General procedure: Indolinone 1 (1000 mg, 52.3 mmol) was suspended in acetic anhydride (10 mL) and refluxed at 130 C for 8 h. The reaction mixture was allowed to cool to 50 C and (triethoxymethyl)benzene (2930 mg, 131 mmol) was added. The resulting reaction mixture was stirred at 120 C for 6 h. Then, volatiles were removed in vacuo and petroleum ether was added to the obtained residue. After triturating for 15 min, the separated solids were filtered and washed with petroleum ether and then dried under vacuum to afford 974 mg (51percent) of title compound.

The synthetic route of 1663-61-2 has been constantly updated, and we look forward to future research findings.

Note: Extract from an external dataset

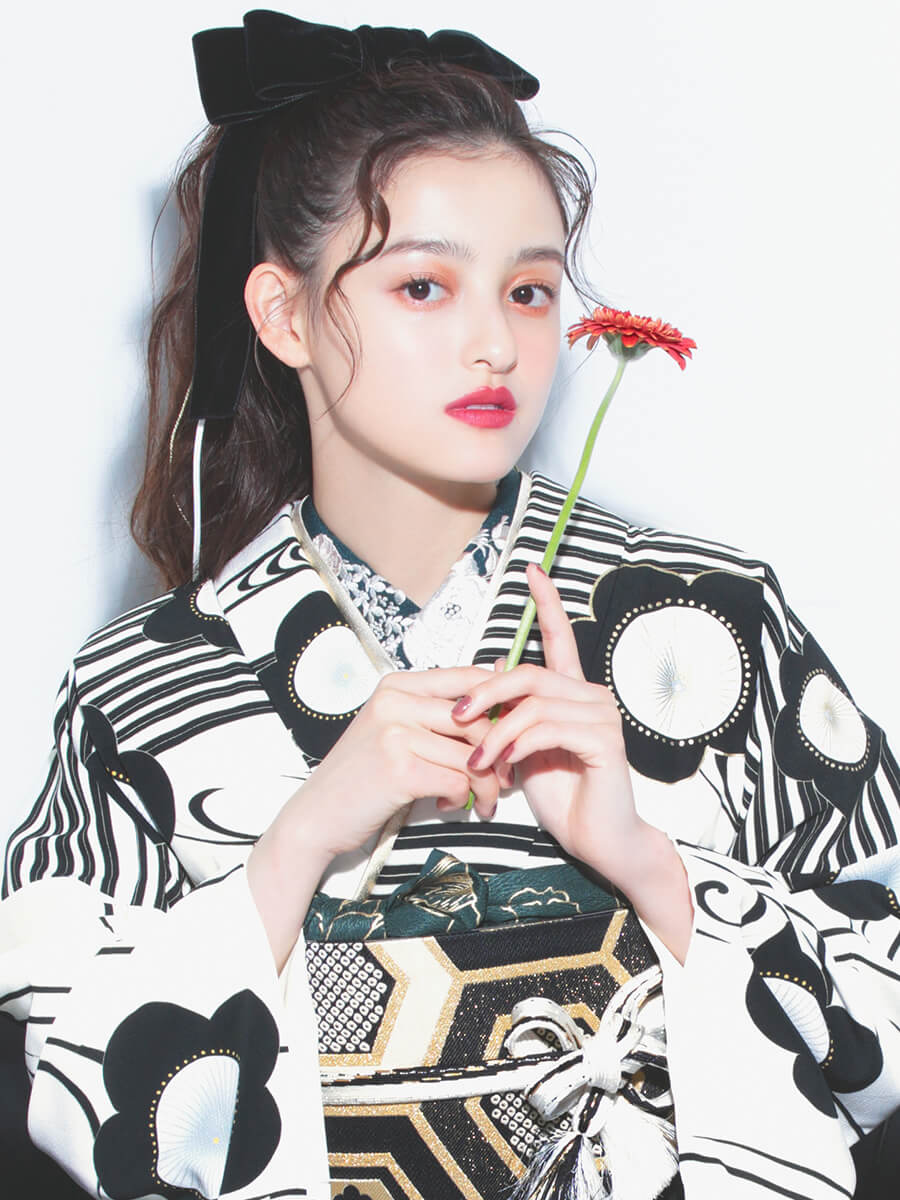 帯と振袖のコントラストをしっかりつけた方が冬タイプの顔立ちが引き立ちます。柄は写実的なものや幾何学柄など直線が入っているものがおすすめ。

Adding a certain compound to certain chemical reactions, such as: 16618-68-1, name is 3-Bromo-5-methoxyaniline, belongs to ethers-buliding-blocks compound, can increase the reaction rate and produce products with better performance than those obtained under traditional synthetic methods. Here is a downstream synthesis route of the compound 16618-68-1, HPLC of Formula: C7H8BrNO

To a solution of 3-bromo-5-methoxyaniline (5.0 g, 25 mmol) stirred in acetone (100 mL) at room temperature, benzoyl isothiocyanate (3.95 mL, 27.2 mmol) was added. The reaction mixture was stirred for 1 hour before the acetone was removed by evaporation. The crude residue obtained was washed with hexanes and collected by filtration to give N-((3-bromo-5-ethoxyphenyl)carbamothioyl)benzamide as a yellow solid (8.0 g, 89 %). LC (Method B): 2.351 min. MS (APCI): calcd for Ci5Hi4BrN202S [M+H]+ m/z 365.0, 367.0, found 365.0, 367.0. 1H NMR (DMSO-d6, 400 MHz) 5 ppm 12.57 (br s, 1H), 11.64 (br s, 1H), 7.98 (d, J = 7.4 Hz, 2H), 7.67 (t, J = 7.4 Hz, 1H), 7.60 (br s, 1H), 7.55 (t, J = 7.8 Hz, 2H), 7.34 (br s, 1H), 7.08 (t, J = 2.0 Hz, 1H), 3.79 (s, 3H).

In the field of chemistry, the synthetic routes of compounds are constantly being developed and updated. I will also mention this compound in other articles, 3-Bromo-5-methoxyaniline, other downstream synthetic routes, hurry up and to see.

These common heterocyclic compound, 63057-72-7, name is 1-(Benzyloxy)-4-bromo-2-methoxybenzene, its traditional synthetic route has been very mature, but the traditional synthetic route has various shortcomings, such as complicated route, low yield, poor purity, etc, below Introduce a new synthetic route. Application In Synthesis of 1-(Benzyloxy)-4-bromo-2-methoxybenzene

A solution of 2 (4.0 g, 13.7 mmol) in dry THF (40 mL) at -78 C. was treated with n-BuLi (2.5 M, 6.0 mL, 15.0 mmol) for 15 min to produce 3. To this solution, 5 (3.1 g, 12.2 mmol) in dry THF (40 mL) was added slowly over a 10 min period. The reaction mixture turned light brown in color and stirring was continued for 1 h. The reaction was quenched by the addition of saturated aqueous NH4Cl (10 mL) and the organic layer was separated. The aqueous layer was extracted with EtOAc (3×25 mL) and the combined organic layer was washed with brine (15 mL). Volatiles were evaporated under reduced pressure and the crude residue was purified by column chromatography using 20% acetone/hexane as the eluent to afford the title compound 6 as a white solid (2.6 g, 46%).

The synthetic route of 1-(Benzyloxy)-4-bromo-2-methoxybenzene has been constantly updated, and we look forward to future research findings.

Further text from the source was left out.